We shouldn’t change for anyone but ourselves, not even our spouses

Evelyn Martinez
May 12, 2020 · 7 min read

hen I was heavy, my ex-husband, Deon, never shied away from showing his love for my full figure. Growing up, people who loved extra breasts and thighs were called “Chubby Chasers.” Deon hated the term.

“Liking big girls isn’t a ‘black guy’ thing. Everyone has a type,” he’d say. “I like you, just as you are right now — that’s all there is to it.”

To an overweight woman with a binge-eating disorder, these words meant something profound. I’d taken the phrase “as you are right now” to suggest he loved me for who I am as a person like we all expect our spouses to do. Either you like the person you’re with, or you don’t, right?

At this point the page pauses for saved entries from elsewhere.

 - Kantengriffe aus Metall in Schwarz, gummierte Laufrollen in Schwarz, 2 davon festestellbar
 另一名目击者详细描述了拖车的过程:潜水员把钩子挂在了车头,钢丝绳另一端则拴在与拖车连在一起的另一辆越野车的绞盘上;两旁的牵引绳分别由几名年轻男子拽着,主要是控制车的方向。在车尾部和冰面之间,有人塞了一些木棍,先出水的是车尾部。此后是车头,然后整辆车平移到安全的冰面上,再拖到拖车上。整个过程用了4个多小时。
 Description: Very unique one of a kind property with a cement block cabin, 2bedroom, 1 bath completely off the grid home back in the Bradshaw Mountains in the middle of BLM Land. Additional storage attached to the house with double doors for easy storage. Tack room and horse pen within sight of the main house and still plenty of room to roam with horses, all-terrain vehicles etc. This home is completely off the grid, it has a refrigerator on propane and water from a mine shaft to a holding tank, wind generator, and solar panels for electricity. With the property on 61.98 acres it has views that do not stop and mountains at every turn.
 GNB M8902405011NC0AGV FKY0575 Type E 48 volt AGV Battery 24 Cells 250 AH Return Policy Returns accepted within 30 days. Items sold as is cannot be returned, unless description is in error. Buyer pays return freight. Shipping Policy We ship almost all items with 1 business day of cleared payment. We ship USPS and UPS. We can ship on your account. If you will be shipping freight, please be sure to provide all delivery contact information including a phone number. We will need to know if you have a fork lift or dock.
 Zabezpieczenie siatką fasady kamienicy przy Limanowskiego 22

Sex in a committed relationship is about finding someone that allows you to let go and be comfortable with ourselves. Size should have nothing to do with attraction in a relationship, but so many times, it does.

Acceptance

I first noticed Deon’s attraction to my body at work, long before we started dating. We’d both signed on to perform for a haunted event at a popular theme park and landed in the same maze.

Opening night, I’d slipped into the co-ed tent to change ahead of the rush. Deon came early as well and walked in on me standing in my bra and blood-spattered culottes.

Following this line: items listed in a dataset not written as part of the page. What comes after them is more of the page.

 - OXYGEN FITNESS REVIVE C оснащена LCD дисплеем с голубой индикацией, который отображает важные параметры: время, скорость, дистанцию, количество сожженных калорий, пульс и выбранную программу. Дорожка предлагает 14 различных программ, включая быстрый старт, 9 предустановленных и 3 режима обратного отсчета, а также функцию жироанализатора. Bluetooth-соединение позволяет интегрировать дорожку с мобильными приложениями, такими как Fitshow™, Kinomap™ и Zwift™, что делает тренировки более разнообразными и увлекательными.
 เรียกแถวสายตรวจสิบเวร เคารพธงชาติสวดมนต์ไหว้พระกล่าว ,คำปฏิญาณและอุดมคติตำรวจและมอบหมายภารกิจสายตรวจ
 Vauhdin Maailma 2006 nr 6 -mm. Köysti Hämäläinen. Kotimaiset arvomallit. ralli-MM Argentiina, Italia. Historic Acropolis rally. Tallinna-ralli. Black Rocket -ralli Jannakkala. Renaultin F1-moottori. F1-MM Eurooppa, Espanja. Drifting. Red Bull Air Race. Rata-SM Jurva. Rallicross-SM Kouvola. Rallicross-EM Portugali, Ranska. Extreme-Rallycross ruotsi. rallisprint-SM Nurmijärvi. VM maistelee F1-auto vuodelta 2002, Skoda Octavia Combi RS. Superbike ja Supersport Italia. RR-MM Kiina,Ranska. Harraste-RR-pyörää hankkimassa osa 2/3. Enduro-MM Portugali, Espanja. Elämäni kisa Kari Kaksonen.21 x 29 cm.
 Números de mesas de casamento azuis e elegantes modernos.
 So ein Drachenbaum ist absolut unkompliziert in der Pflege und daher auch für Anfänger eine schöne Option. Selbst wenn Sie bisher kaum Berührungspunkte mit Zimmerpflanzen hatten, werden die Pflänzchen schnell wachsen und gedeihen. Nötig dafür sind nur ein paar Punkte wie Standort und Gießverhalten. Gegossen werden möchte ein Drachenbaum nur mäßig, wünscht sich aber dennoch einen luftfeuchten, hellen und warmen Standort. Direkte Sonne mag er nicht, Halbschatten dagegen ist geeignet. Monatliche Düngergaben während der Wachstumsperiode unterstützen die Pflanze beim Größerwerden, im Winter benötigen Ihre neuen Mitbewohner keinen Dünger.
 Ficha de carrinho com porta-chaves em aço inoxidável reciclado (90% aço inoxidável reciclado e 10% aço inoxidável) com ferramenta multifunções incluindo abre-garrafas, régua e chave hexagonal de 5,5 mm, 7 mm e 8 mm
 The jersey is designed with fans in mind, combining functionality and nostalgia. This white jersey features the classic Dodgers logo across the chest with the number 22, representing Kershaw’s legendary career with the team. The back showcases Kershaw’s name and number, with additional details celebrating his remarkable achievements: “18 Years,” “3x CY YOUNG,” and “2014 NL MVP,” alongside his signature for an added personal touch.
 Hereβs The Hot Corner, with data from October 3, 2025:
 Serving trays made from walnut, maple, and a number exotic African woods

“Whoa,” he’d said, taking a step back, his eyes tracing the lace on my bra before finding the dirt floor. “Sorry.”

“You’re fine,” I replied, struggling to get into a tattered pirate top. “I’m on my way out anyway.”

I passed by him, thinking nothing of our strange introduction or the way he watched me leave. I’d spent a long time working in theme parks in Hollywood. A body like the one I had never got much attention aside from being typecast in “fat girl” roles. In the days before Ashley Graham, women with a body like mine in a narcissistic town got little attention, period.

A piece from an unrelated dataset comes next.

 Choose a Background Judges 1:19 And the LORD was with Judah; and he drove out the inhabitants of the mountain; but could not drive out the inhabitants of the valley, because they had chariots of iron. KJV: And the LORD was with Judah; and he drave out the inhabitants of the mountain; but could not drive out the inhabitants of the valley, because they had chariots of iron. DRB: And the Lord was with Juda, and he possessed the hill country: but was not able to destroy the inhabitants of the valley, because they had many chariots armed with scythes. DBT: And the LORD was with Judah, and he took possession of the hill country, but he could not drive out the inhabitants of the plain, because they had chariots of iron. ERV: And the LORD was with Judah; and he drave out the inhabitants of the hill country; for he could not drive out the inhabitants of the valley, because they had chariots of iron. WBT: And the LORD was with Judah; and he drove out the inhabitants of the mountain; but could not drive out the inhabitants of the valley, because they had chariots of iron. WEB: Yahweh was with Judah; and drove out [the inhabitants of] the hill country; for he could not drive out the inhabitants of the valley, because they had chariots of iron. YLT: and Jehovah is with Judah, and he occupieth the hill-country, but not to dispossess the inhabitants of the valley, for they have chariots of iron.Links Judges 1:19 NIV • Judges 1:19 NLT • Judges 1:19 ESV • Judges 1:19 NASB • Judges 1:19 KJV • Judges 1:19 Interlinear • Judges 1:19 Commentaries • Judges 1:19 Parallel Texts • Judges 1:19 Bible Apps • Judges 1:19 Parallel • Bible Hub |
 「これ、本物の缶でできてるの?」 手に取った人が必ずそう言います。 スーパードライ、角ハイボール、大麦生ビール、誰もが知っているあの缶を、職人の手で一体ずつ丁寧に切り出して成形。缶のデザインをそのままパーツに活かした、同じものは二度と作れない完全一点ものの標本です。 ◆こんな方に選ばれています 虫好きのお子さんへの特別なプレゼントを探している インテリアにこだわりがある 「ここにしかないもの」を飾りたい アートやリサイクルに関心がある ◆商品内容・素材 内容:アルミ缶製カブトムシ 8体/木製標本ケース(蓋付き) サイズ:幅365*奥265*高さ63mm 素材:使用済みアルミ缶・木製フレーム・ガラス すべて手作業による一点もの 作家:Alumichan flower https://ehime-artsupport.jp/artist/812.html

One of the core truths of human nature is that we all want someone to see us, to value us. His gaze made me feel accepted. The surprised yet hungry look in his eyes stuck in my mind. It remained there in my head, all the way up until we started dating, got engaged, and said, “I do.”

Ignorance

At the start of our marriage, I never noticed signs of Deon wanting me to remain obese. Even once his behavior shifted, I blame myself for the food I placed in my mouth each night, not him. Still, he never tried to stop me at first.

“You’re not fat,” he’d tell me, “you’re beautiful. If you don’t want to eat your diet food today, then don’t. You’ll start again tomorrow. I’ll go get you some food.”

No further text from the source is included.